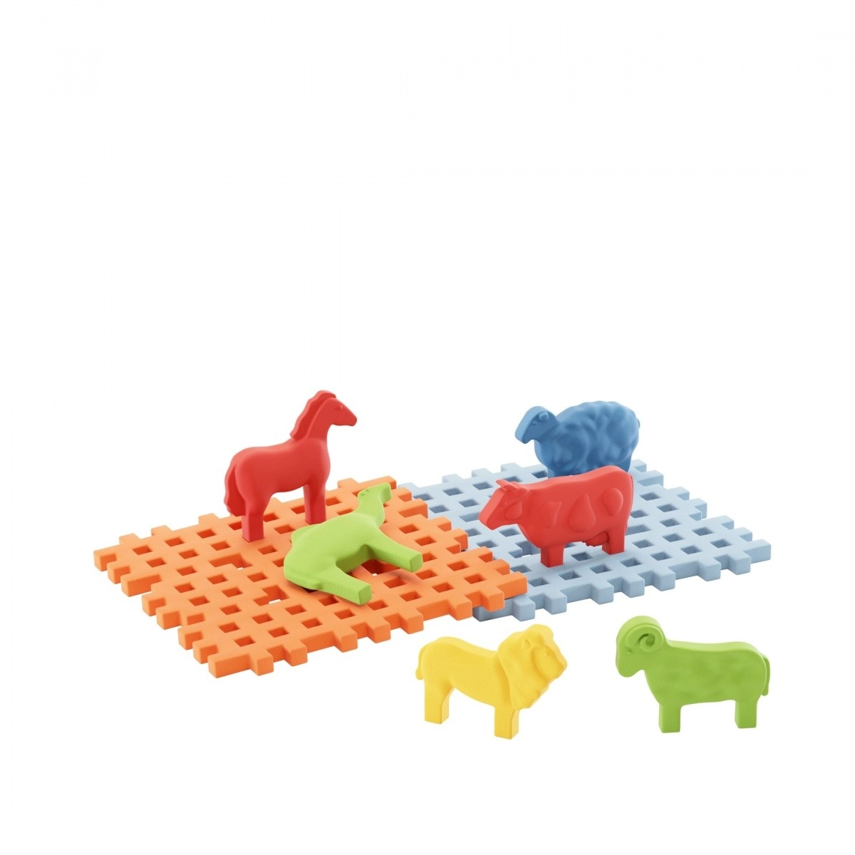 Delene er designet til små hænder – de er fleksible, bløde og behagelige at røre ved, men samtidig tilstrækkeligt holdbare til intens leg. Takket være det unikke forbindelsessystem i Mini Waffle kan børn nemt samle deres yndlingsdyr på sokler og skabe unikke scenarier eller indarbejde dem i større byggerier.
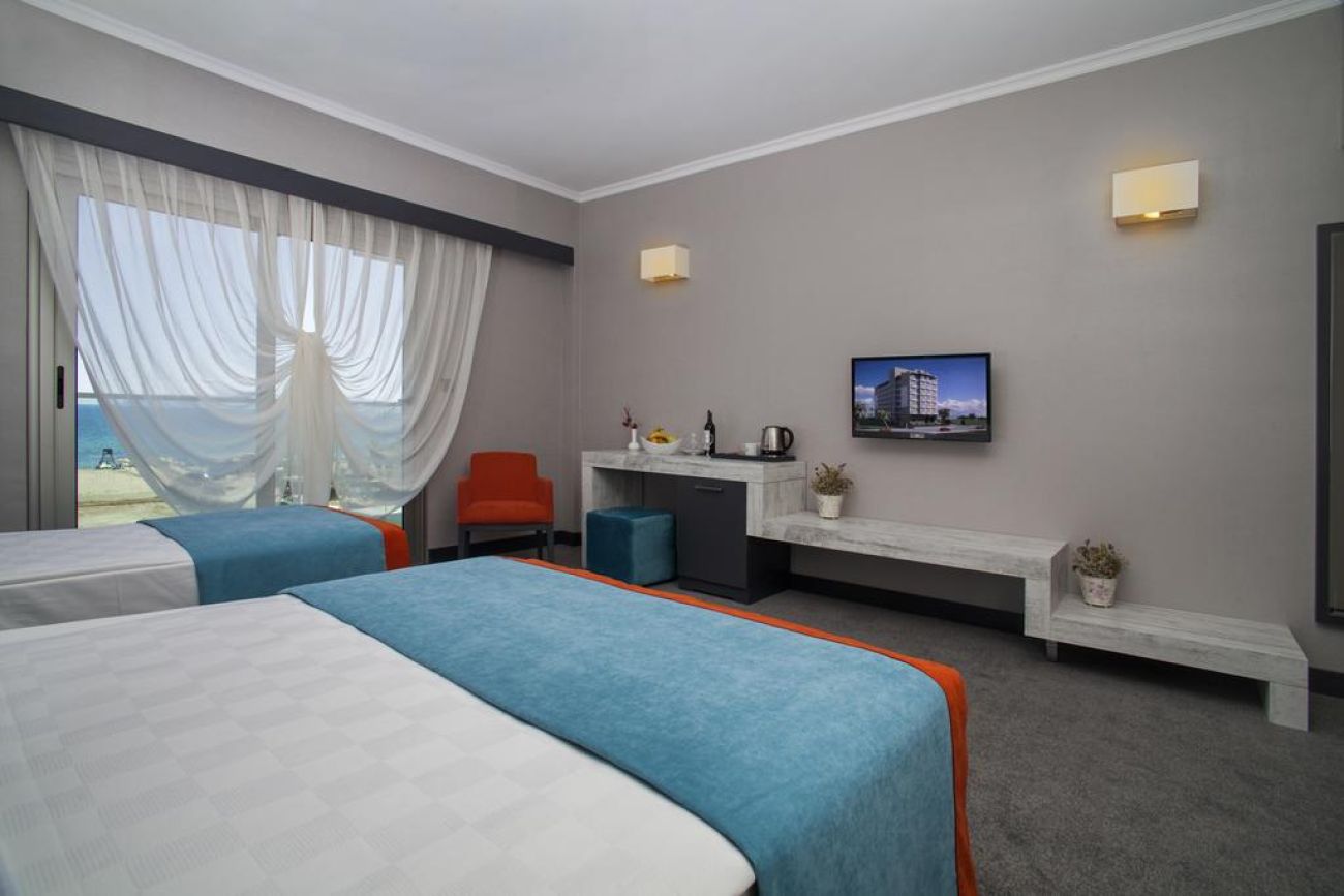 Хотелът разполага със стандартни двойни стаи с едно двойно и едно единично легло с гледка градина или море и фамилни стаи, които представляват две свързани стаи с врата, в едната стая двойно и единично легло, а в другата две единични легла, с една обща баня. Всички стаи в този хотел са оборудвани с климатик и телевизор с плосък екран. Собствените бани включват вана или душ. За удобство на гостите са осигурени безплатни тоалетни принадлежности и сешоар.
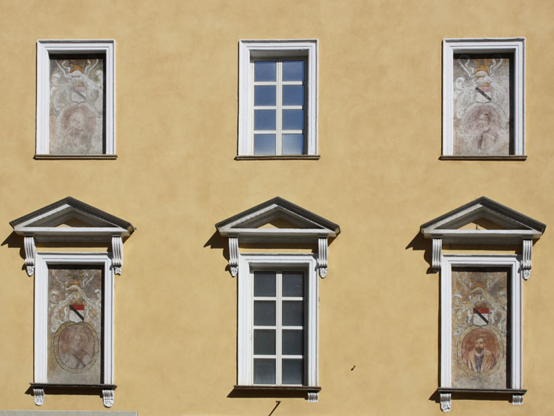 La facciata attuale è quella della caserma, con dipinti del XIX secolo che riproducono lo stemma di casa Savoia e i ritratti dei principali personaggi della nobile famiglia Challant, distintisi per le loro doti militari.
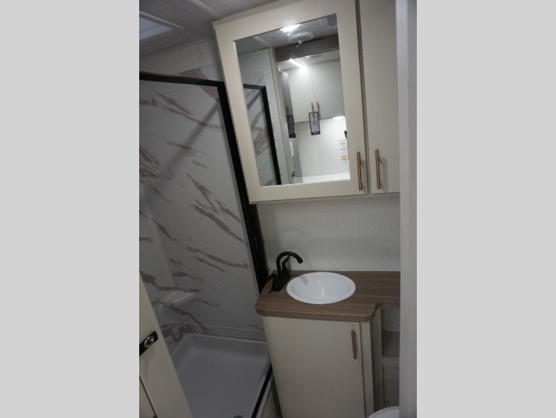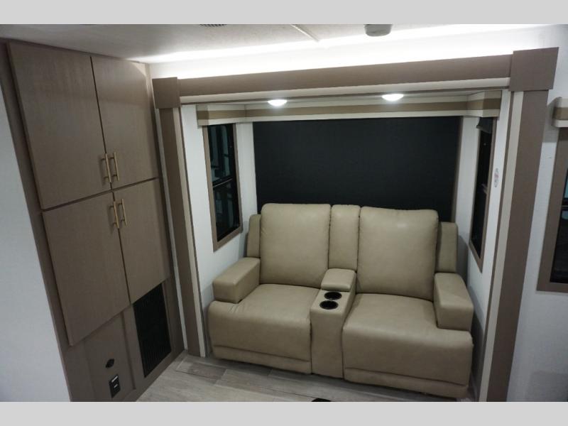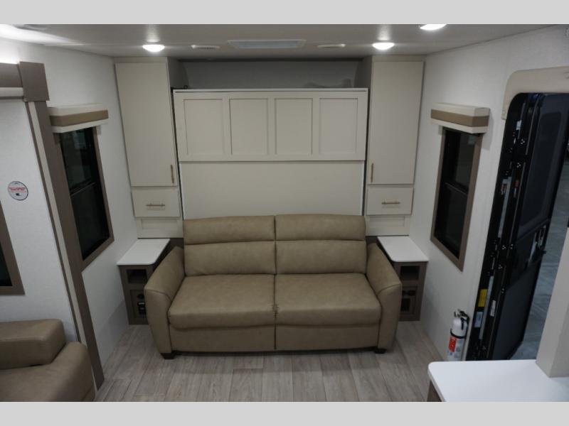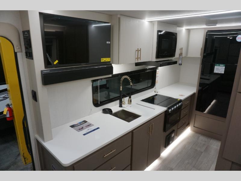 If you're looking for the perfect travel trailer for weekend getaways you've found it in this Alta model. The queen Murphy bed up front can be folded up in the morning so you can relax on the sofa, or you may just want to enjoy your coffee on the tri-fold sofa that can be optioned out for theater seats. Your meals can be prepared on the three burner cooktop or in the microwave oven, and you can dine outdoors under the 16' power awning. This model also includes a universal docking station for an all-in one location for you hookups and utilities. How convenient!
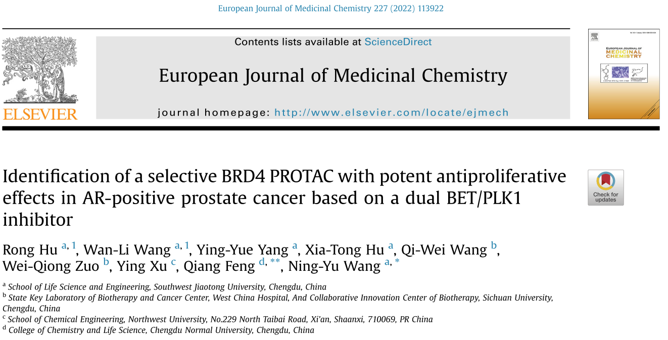 我院王宁宇课题组在《European Journal of Medicinal Chemistry》上发表高水平论文
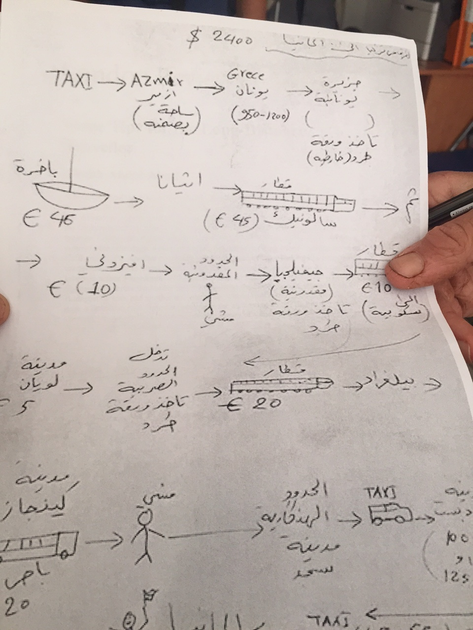 Από το παρακάτω γράφημα, που ήρθε στα χέρια του iefimerida.gr, αποκαλύπτεται όλη η διαδρομή που ακολουθούν πρόσφυγες και μετανάστες από το Αζμίρ της Τουρκίας στη Γερμανία μέσω Ελλάδος. Ουσιαστικά αυτό είναι το χαρτί που δίνουν οι διακινητές στους πρόσφυγες θέλοντας να τους περιγράψουν τη διαδρομή που θα ακολουθήσουν. Στο σχεδιάγραμμα διακρίνεται μια βάρκα, λεωφορεία και ταξί, τα μέσα δηλαδή που θα χρησιμοποιήσουν οι πρόσφυγες στην πορεία τους από την Τουρκία στη Γερμανία, μια πορεία η οποία περιγράφεται βήμα βήμα και κοστολογημένα.
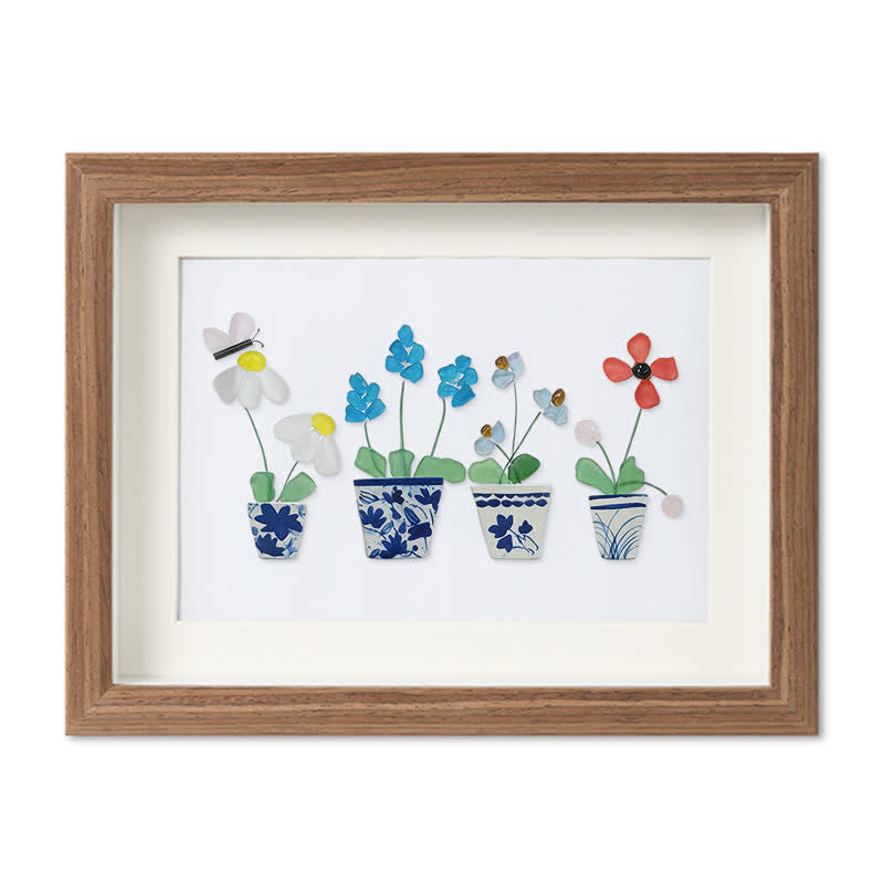 🌹🌻🪻Brighten any space with the natural beauty of this Handmade Flowers Sea Glass Framed Art. Each delicate flower is carefully crafted from vibrant pieces of sea glass, gently shaped and arranged to create a stunning floral design that captures the essence of nature’s charm. The soft, translucent colors of the sea glass shimmer beautifully, bringing a touch of ocean-inspired elegance to your home décor.

• [WHAT YOU ARE ASKED TO DO]:
Reproduce exactly the lines of the data above that run from the line with "La facciata attuale" down to the line with "我院王宁宇课题组在《European Journal of", both ends included. Pictures do not belong in the copy.

• [RESULT OF THIS EXERCISE]:
 La facciata attuale è quella della caserma, con dipinti del XIX secolo che riproducono lo stemma di casa Savoia e i ritratti dei principali personaggi della nobile famiglia Challant, distintisi per le loro doti militari.
 If you're looking for the perfect travel trailer for weekend getaways you've found it in this Alta model. The queen Murphy bed up front can be folded up in the morning so you can relax on the sofa, or you may just want to enjoy your coffee on the tri-fold sofa that can be optioned out for theater seats. Your meals can be prepared on the three burner cooktop or in the microwave oven, and you can dine outdoors under the 16' power awning. This model also includes a universal docking station for an all-in one location for you hookups and utilities. How convenient!
 我院王宁宇课题组在《European Journal of Medicinal Chemistry》上发表高水平论文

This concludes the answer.